SOURCE MATERIAL

=== Begin Enclosure ===

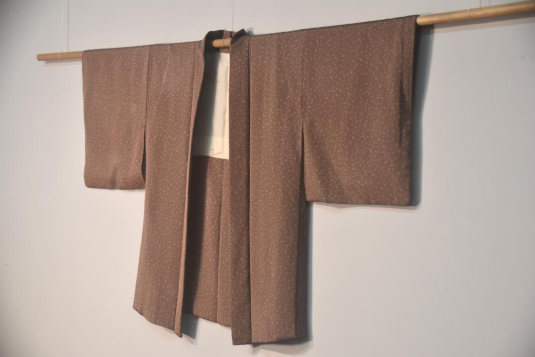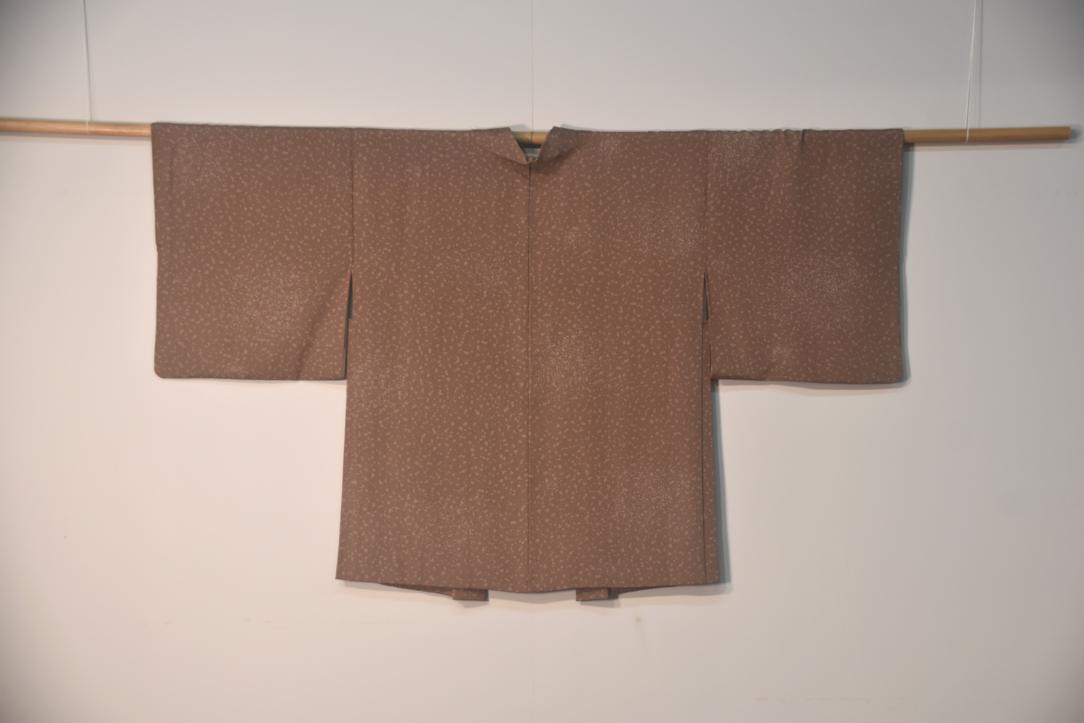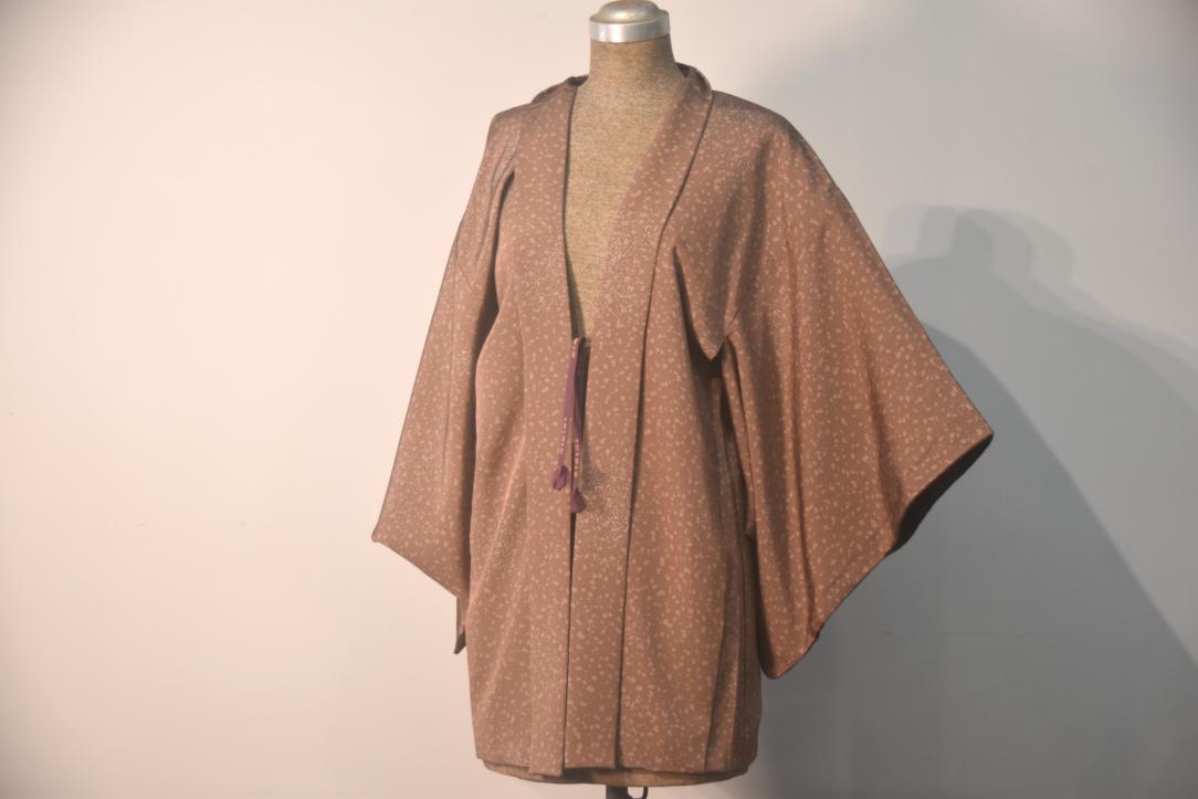 This haori is in a dark coral colour with lighter speckled pattern across the fabric.
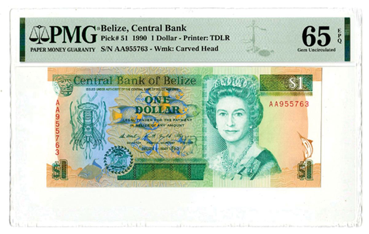 Belize, 1990. $1, P-51, Issued Banknote. Green on m/c underprint with portrait of Queen Elizabeth II at right. S/N AA955763 Printer: TDLR. PMG graded Gem Uncirculated 65 EPQ.
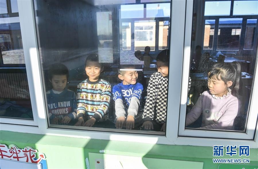 吉林省德惠市邊崗鄉(xiāng)臥虎村小學(xué)學(xué)生在戶外活動(dòng)后圍著教室內(nèi)的環(huán)流散熱器取暖(2018年12月26日攝)。新華社記者許暢攝
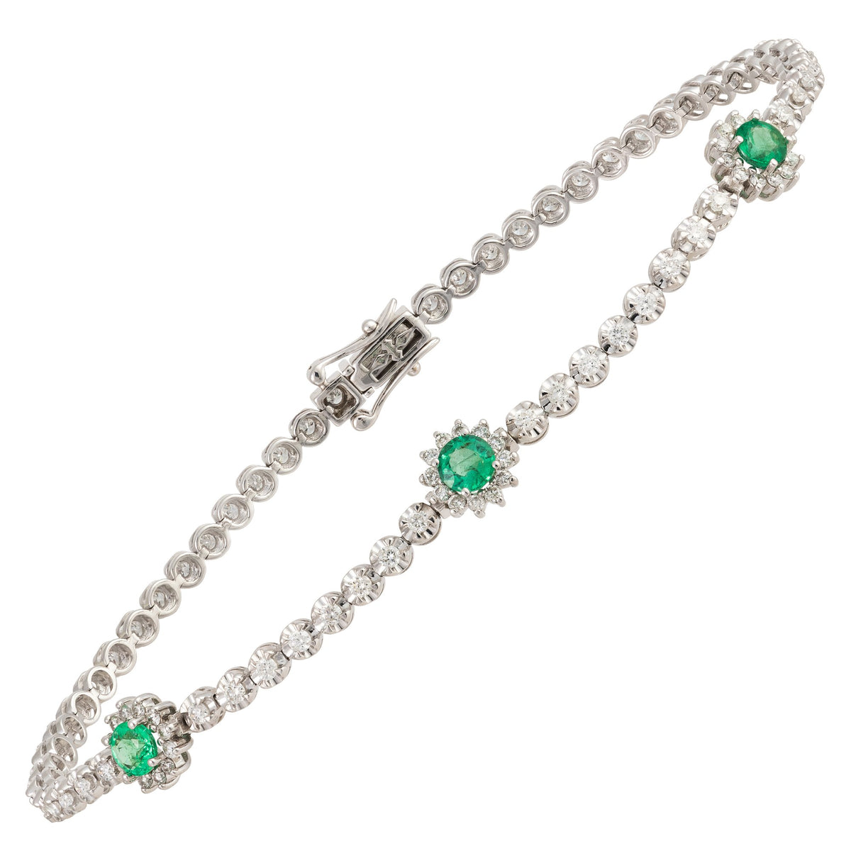 18kt White Gold Diamond and Green Emerald Tennis Bracelet

=== End Enclosure ===

WORK ITEM
Please repeat the lines above from the line containing "Belize, 1990. $1, P-51, Issued" through the final line, both included, exactly as they stand and without pictures.

WRITTEN REPLY
 Belize, 1990. $1, P-51, Issued Banknote. Green on m/c underprint with portrait of Queen Elizabeth II at right. S/N AA955763 Printer: TDLR. PMG graded Gem Uncirculated 65 EPQ.
 吉林省德惠市邊崗鄉(xiāng)臥虎村小學(xué)學(xué)生在戶外活動(dòng)后圍著教室內(nèi)的環(huán)流散熱器取暖(2018年12月26日攝)。新華社記者許暢攝
 18kt White Gold Diamond and Green Emerald Tennis Bracelet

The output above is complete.